#### Your objective:
From the records below, output exactly the lines starting at the line with "雖然成立的時間點比較尷尬,但" and ending at the line with "3、起锅烧油,放入姜片、蒜片", both of them included, but no pictures.

#### Source records:
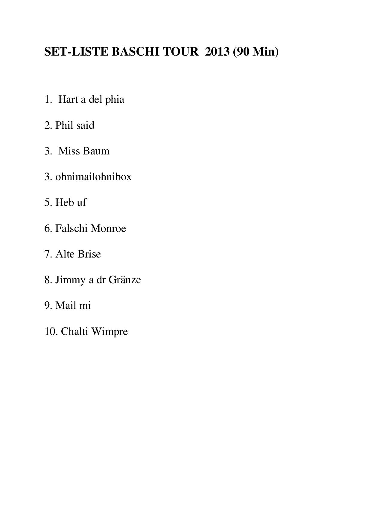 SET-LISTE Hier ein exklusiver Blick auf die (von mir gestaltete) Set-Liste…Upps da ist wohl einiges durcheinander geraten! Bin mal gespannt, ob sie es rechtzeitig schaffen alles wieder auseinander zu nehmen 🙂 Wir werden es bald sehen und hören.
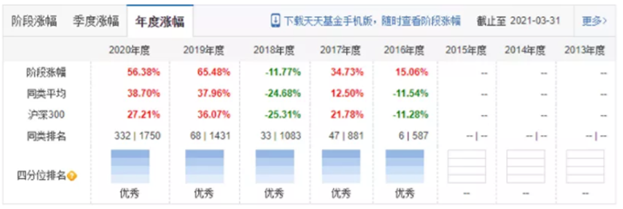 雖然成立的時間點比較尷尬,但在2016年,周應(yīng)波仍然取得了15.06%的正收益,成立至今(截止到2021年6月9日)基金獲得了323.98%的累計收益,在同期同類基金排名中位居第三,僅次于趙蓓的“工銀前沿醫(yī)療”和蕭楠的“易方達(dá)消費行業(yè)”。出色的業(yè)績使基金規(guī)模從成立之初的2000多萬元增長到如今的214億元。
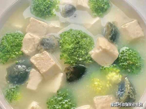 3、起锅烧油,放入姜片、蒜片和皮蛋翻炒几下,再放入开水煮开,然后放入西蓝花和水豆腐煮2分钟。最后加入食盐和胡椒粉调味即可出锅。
* * *
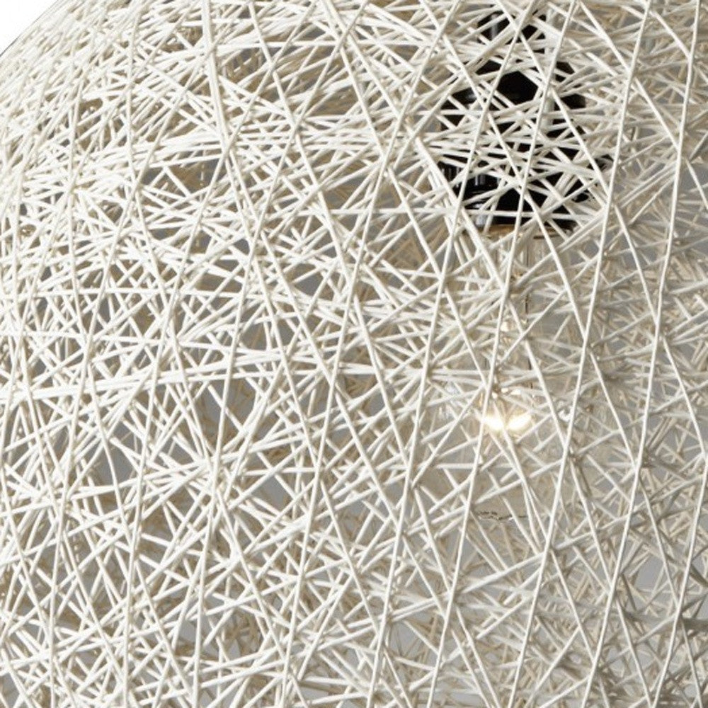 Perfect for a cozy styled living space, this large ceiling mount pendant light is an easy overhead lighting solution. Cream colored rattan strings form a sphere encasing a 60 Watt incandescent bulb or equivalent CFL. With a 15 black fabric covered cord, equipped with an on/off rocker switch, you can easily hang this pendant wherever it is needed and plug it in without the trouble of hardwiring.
==
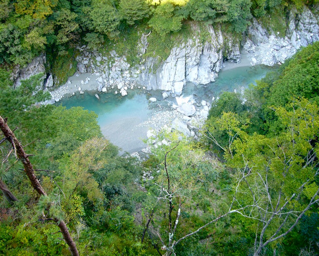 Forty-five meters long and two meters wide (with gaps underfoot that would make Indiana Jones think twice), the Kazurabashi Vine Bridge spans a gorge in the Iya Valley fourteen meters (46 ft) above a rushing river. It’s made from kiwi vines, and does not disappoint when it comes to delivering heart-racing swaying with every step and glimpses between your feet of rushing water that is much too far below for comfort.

#### Output:
 雖然成立的時間點比較尷尬,但在2016年,周應(yīng)波仍然取得了15.06%的正收益,成立至今(截止到2021年6月9日)基金獲得了323.98%的累計收益,在同期同類基金排名中位居第三,僅次于趙蓓的“工銀前沿醫(yī)療”和蕭楠的“易方達(dá)消費行業(yè)”。出色的業(yè)績使基金規(guī)模從成立之初的2000多萬元增長到如今的214億元。
 3、起锅烧油,放入姜片、蒜片和皮蛋翻炒几下,再放入开水煮开,然后放入西蓝花和水豆腐煮2分钟。最后加入食盐和胡椒粉调味即可出锅。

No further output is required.